Re: Internalspace, I've had no problems with the EMR, and must say that almost the opposite is true, in that because the thing iso massive, I've had a tendency to overload it.  Which Kifaru model were you using and comparing to which Arc'Teryx and Lowe rucks?
Re:  Comfort vs. other packs.  I was issued the Marine Corps' ILBE pack, which is a license built Arc'Teryx Tango pack, built by Propper.  I found my Kifaru to be more comfortable than the ILBE, as the Kifaru's hip belt tended to contour better to my body than the ILBE, but comfort is largely subjetive, and will vary from person to person.
Re:  Exterior pockets comigng loose.  This is probably the biggest problem I've got with Kifaru is their 'Dock & Lock' pouch attachment method.  Whilst easier to add or remove pockets than MOLLE/PALS woven attachments, the pouches do tend to become loose with the motion of the pack when you're using it.  Users of the CF Smallpack and Rucksack have mentioned this as well (check out PhilB's description of this problem in the New Rucksack thread).  Mystery Ranch has largely addressed this issue with the use of a new cam-locking side release buckle from Duraflex/National Molding, which CPGear will be offering in the near future as a retrofit replacement for the daisy chain buckles on the issued Smallpack and Utility Pouches, to stop the loosening and subsequent bouncing/swaying that occurs.

As BulletMagnet mentioned, you'll rarely get two users to have identical opinions, but if you can get some decent user feedback out of them, it helps making purchase decisions a bit less painful.


----------



## ballz (24 Apr 2010)

Since the 64 stuff is on sale at CP Gear I figure I might as well buy now since it seems inevitable.

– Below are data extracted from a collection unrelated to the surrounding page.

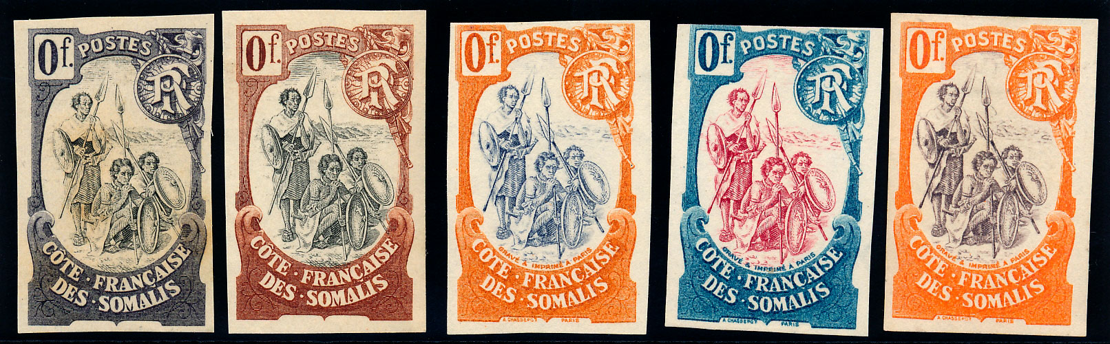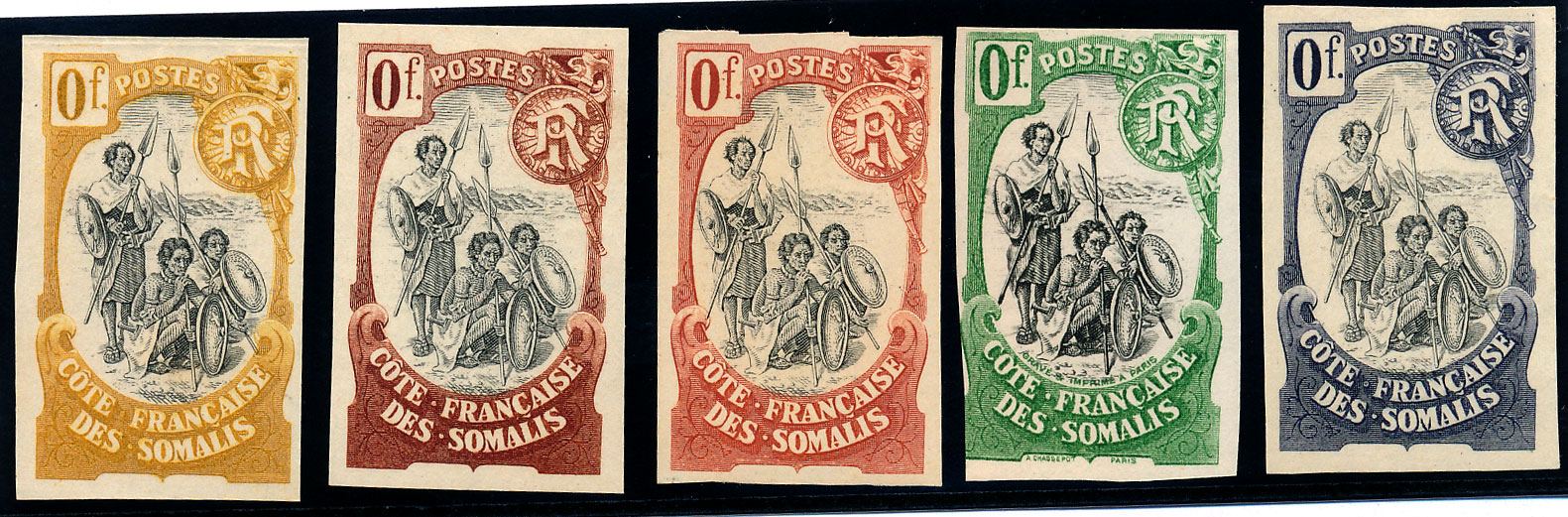 type Guerriers, essais 0F. 5 couleurs différentes. rares et TB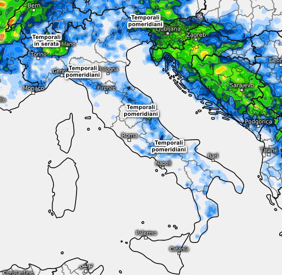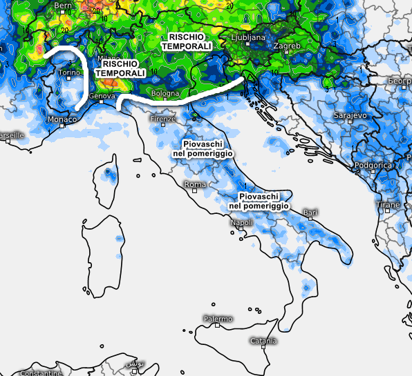 Secondo alcune mappe, non tutte, potrebbe esserci un passaggio temporalesco anche corposo su gran parte delle regioni settentrionali, anche se la previsione risulta ancora in forse e passibile di cambiamenti. Qualche rovescio o temporale pomeridiano si farà vedere anche lungo la dorsale appenninica, con basso rischio di sconfinamenti lungo le coste, per il resto tempo stabile, soleggiato, ma leggermente meno caldo.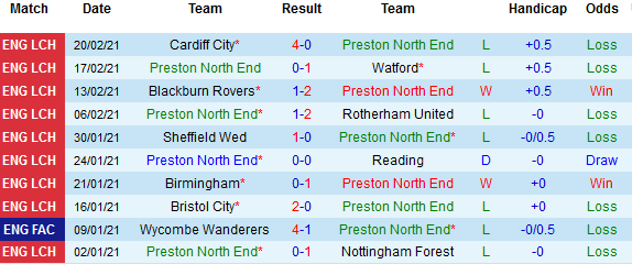 + Thống kê 10 trận gần nhất của Preston North End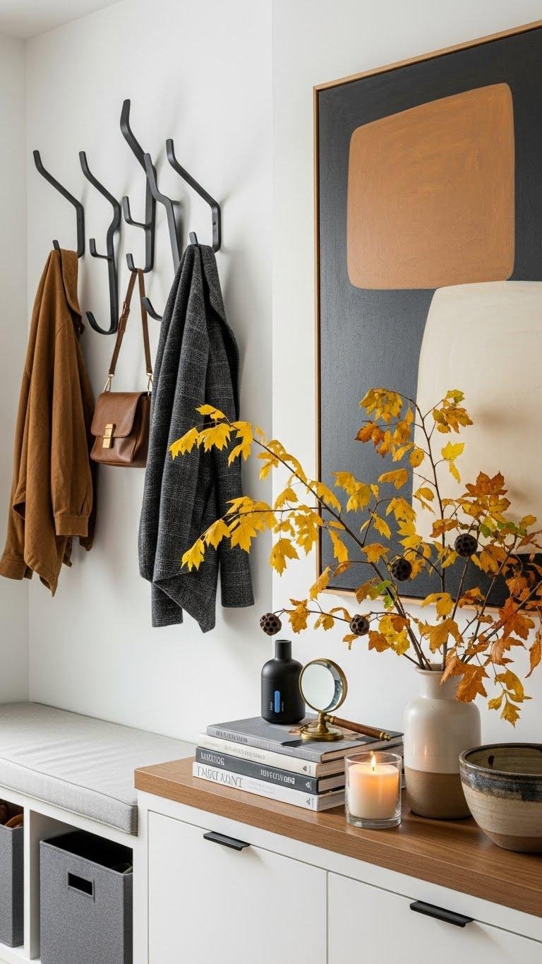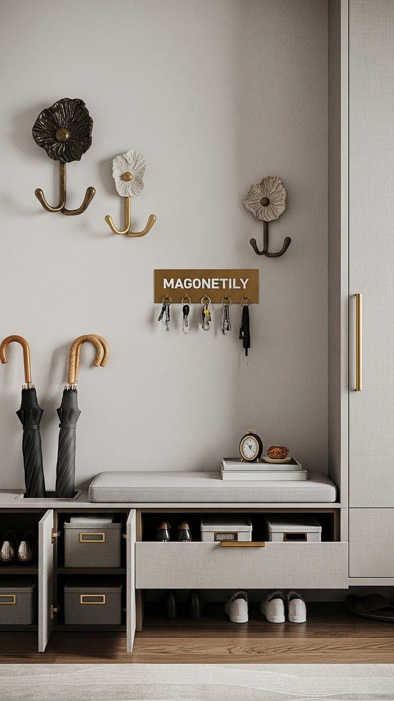 When you pair sculptural hooks with hidden cubbies and slim bench storage, the entry becomes both purposeful and polished.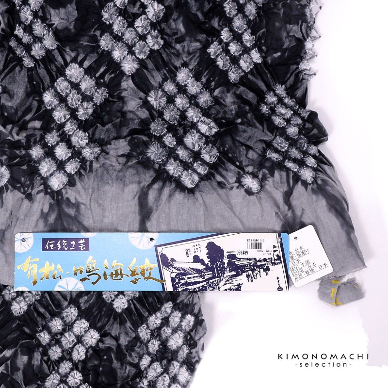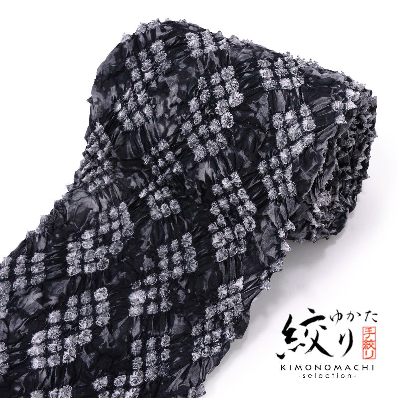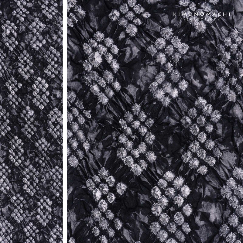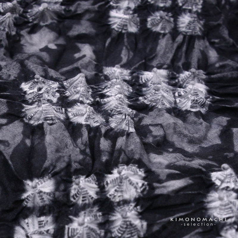 【色柄】濃淡のある灰色の地に重ね菱の形に並んだ蜘蛛絞り。
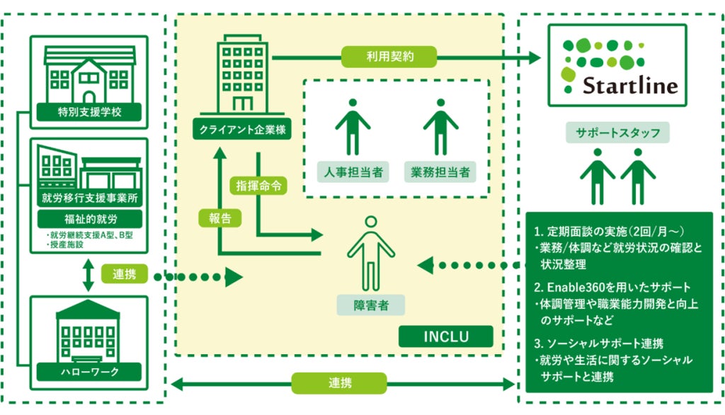 「自分をおもいやり、人をおもいやり、その先をおもいやる。」の企業理念のもと、2009年創業以来、障害者雇用支援の領域において障害者の「採用」と「定着」に重きを置き、障害者雇用支援サービスサポート付きサテライトオフィス「INCLU」を運営。障害者雇用に関する総合コンサルティングを軸に、屋内農園型障害者雇用支援サービス「IBUKI」、ロースタリー型障害者雇用支援サービス 「BYSN」、企業/障害当事者向けカスタマイズ研修、在宅雇用支援、障害者採用支援などサービスメニューを拡充しています。一つでも多くの選択肢をつくり、多様な人々の可能性を拡張することで、誰もが自分らしく生きる社会を目指しています。

To start, I realize I won't be using it on CAP this summer, and probably not on Phase III or IV, but I know I'm not going to use the 82 for the long haul and I can make use of the 64 pack between now and the time that (if all works out) I actually get out of the training system and into the real world. I have considered all this and am still leaning towards the buy anyway, so feel free to mention something I probably haven't considered, or explain to me why this is a stupid idea.

As some of you know, I've only done BMOQ, so I don't have any experience with any rucks besides the 82 and it was very limited experience with that (I've done one BFT...), so I have a few questions, one main one.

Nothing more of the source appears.